ART SG: From The Land of Gold Below the Winds in the South Seas

Yeo Workshop is pleased to present a curated booth of Singaporean and Southeast Asia-based artists at the inaugural edition of ART SG, the region’s largest art fair, that takes place from 12–15 January 2023 at the Marina Bay Sands Expo and Convention Centre. The roster of artists features Singaporeans Fyerool DarmaWei Leng Tay and Shayne Phua. Artists from across Southeast Asia include Indonesian Maryanto, Bali-based Filippo Sciascia and Citra Sasmita, Thai Santi Wangchuan, Vietnamese-born Quynh Dong, and Burmese Maung Day.

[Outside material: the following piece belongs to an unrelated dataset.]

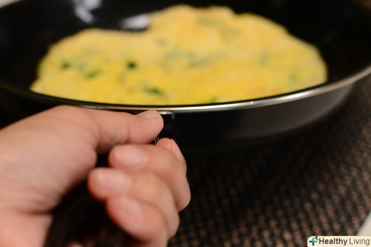 Злегка потрясіть або покачайте сковороду.дійте обережно, поки не відчуйте, що нижня сторона омлету відійшла від поверхні сковороди.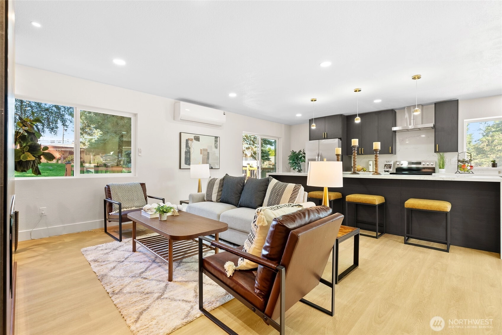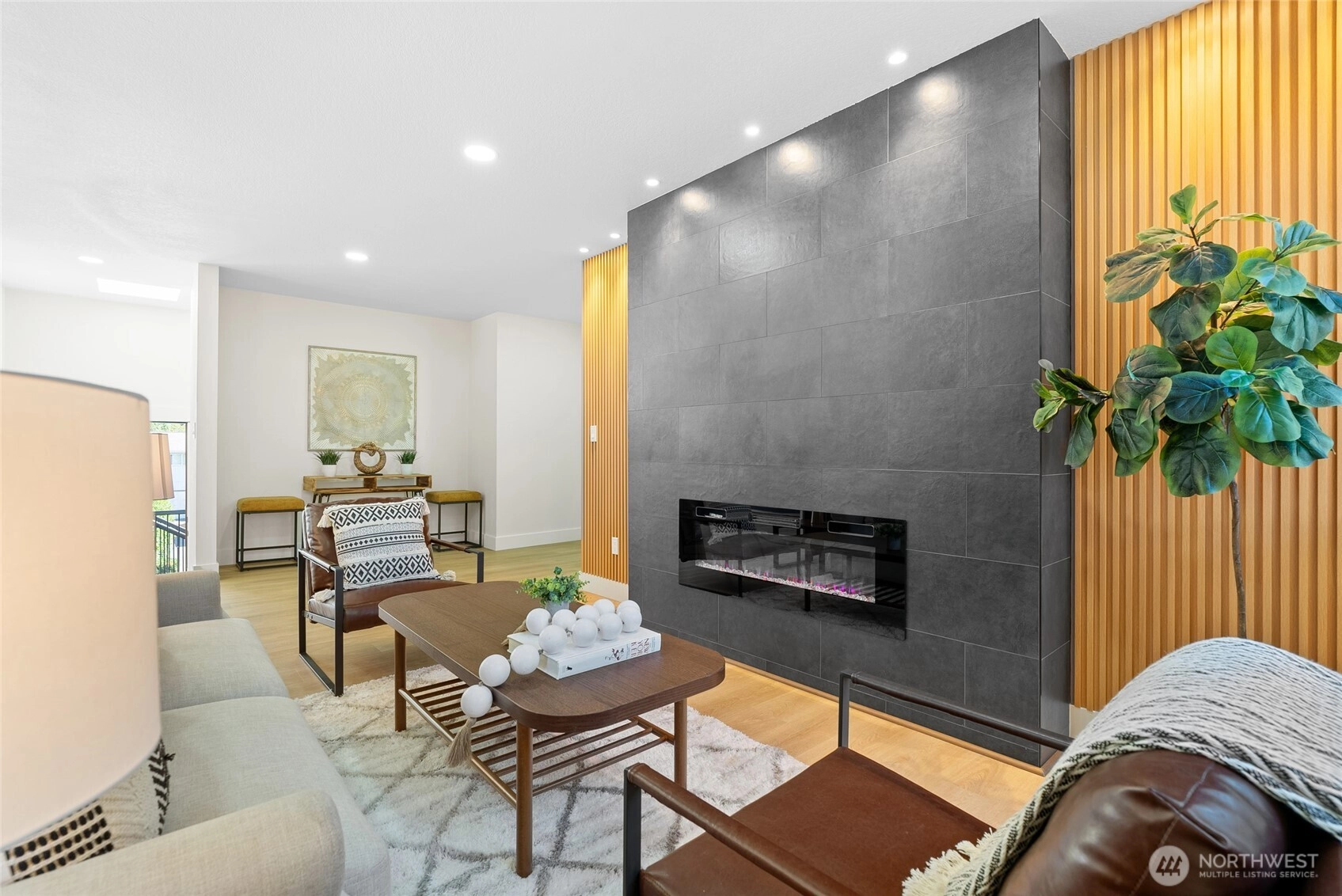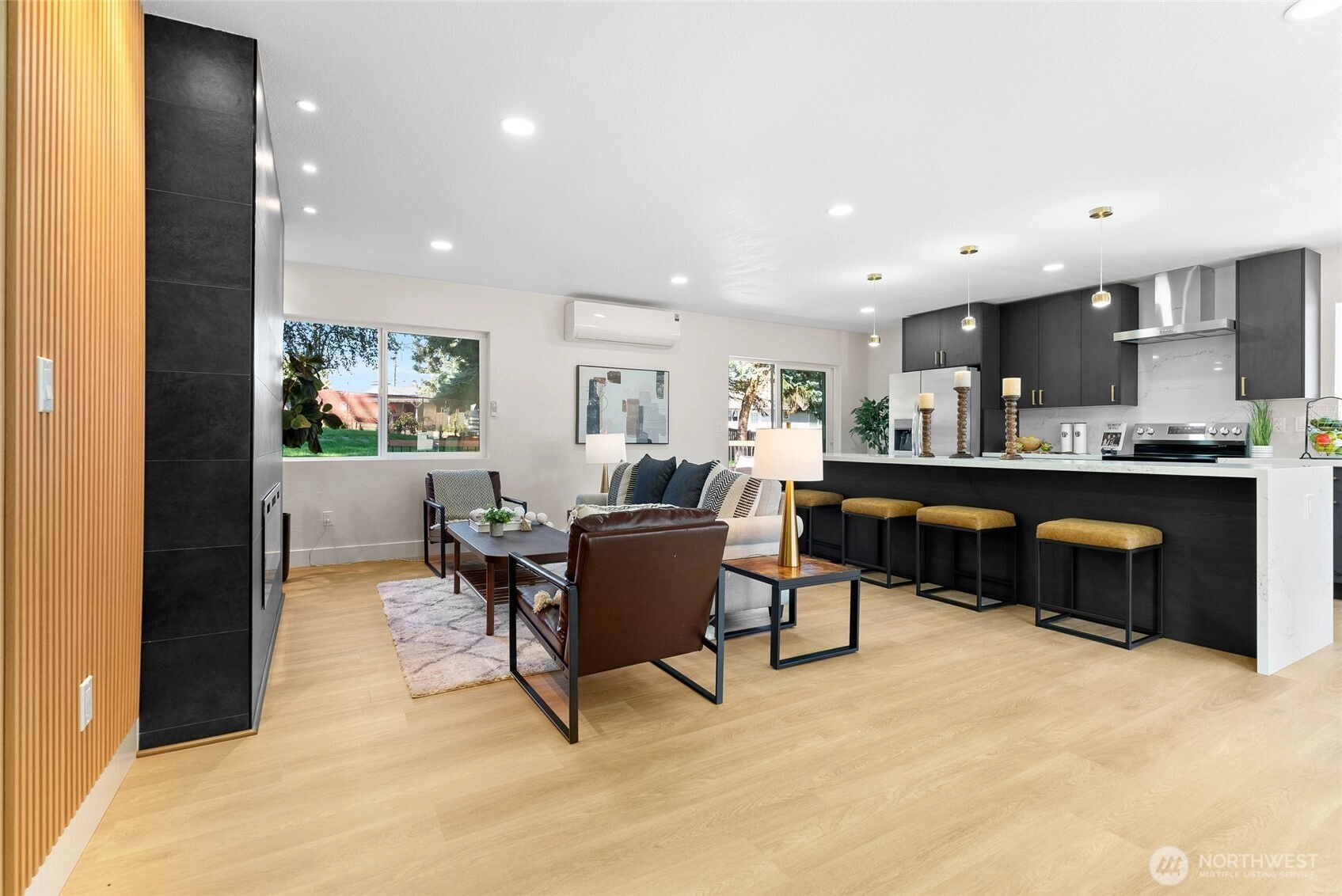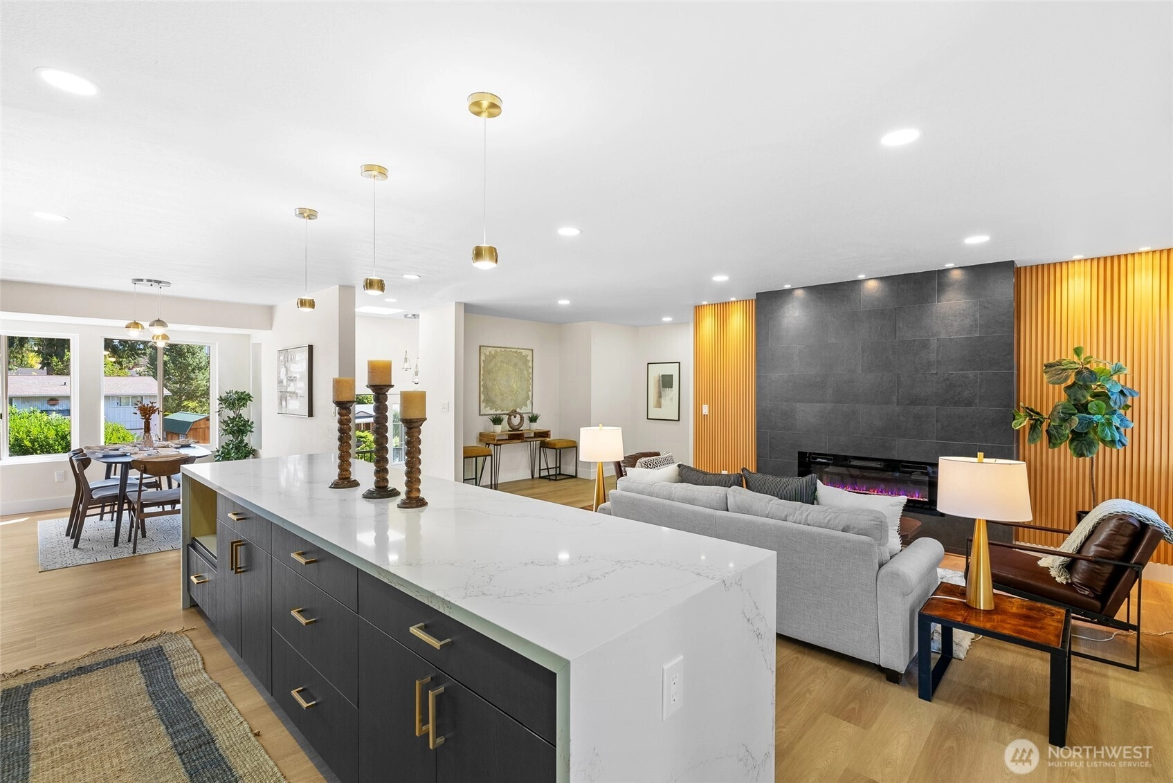 FULLY REMODELED Bothell retreat in the award-winning Northshore School District. This 3-bedroom, 2.75-bath split-level on a third of an acre offers modern comfort and flexible living. The main level features a remodeled kitchen with quartz counters, stainless appliances, sleek cabinetry, and an open living area with custom entertainment center, office/den and electric fireplace. The bay-windowed primary suite includes a walk-in tile shower and stylish finishes. The lower level provides a second living area with fireplace, bedroom, and laundry. Updates include remodeled baths, luxury vinyl flooring, fresh paint, new trim, upgraded heating, new A/C, and brand-new septic with warranty. Pre-inspected, move-in ready, includes a home warranty.

Titled From the Land of Gold Below the Winds in the South Seas, the presentation offers a vision of Southeast Asia that is at once historical, fantastical, surreal, sobering – and, above all, simultaneously self-exoticizing and self-critical. The region has been referred to by names such as the Land of Gold and the Golden Peninsula, the Lands below the Winds, and Nanyang, or the South Seas. The reference to a litany of monikers that conjure the distant and the enchanting suggests the character of the objects in the presentation, a collection of works that are curious, arcane and alien, hybrid things hovering between acknowledgement of sobering realities and manipulation of material fact, between cold-eyed criticality and surreal exoticization. From the Land of Gold Below the Winds in the South Seas adopts a visual mode that is premised on stereotypical notions of Southeast Asian aesthetics: baroque bodies and traditional materialities put together in ways that immediately suggest claustrophobia, disorder, sensorial overload, superstition–reminiscent, perhaps, of marketplaces or sites of folk religion. Curated by independent curator Louis Ho, the presentation fictionalizes the past and rethinks the present of the region in visually, thematically evocative ways.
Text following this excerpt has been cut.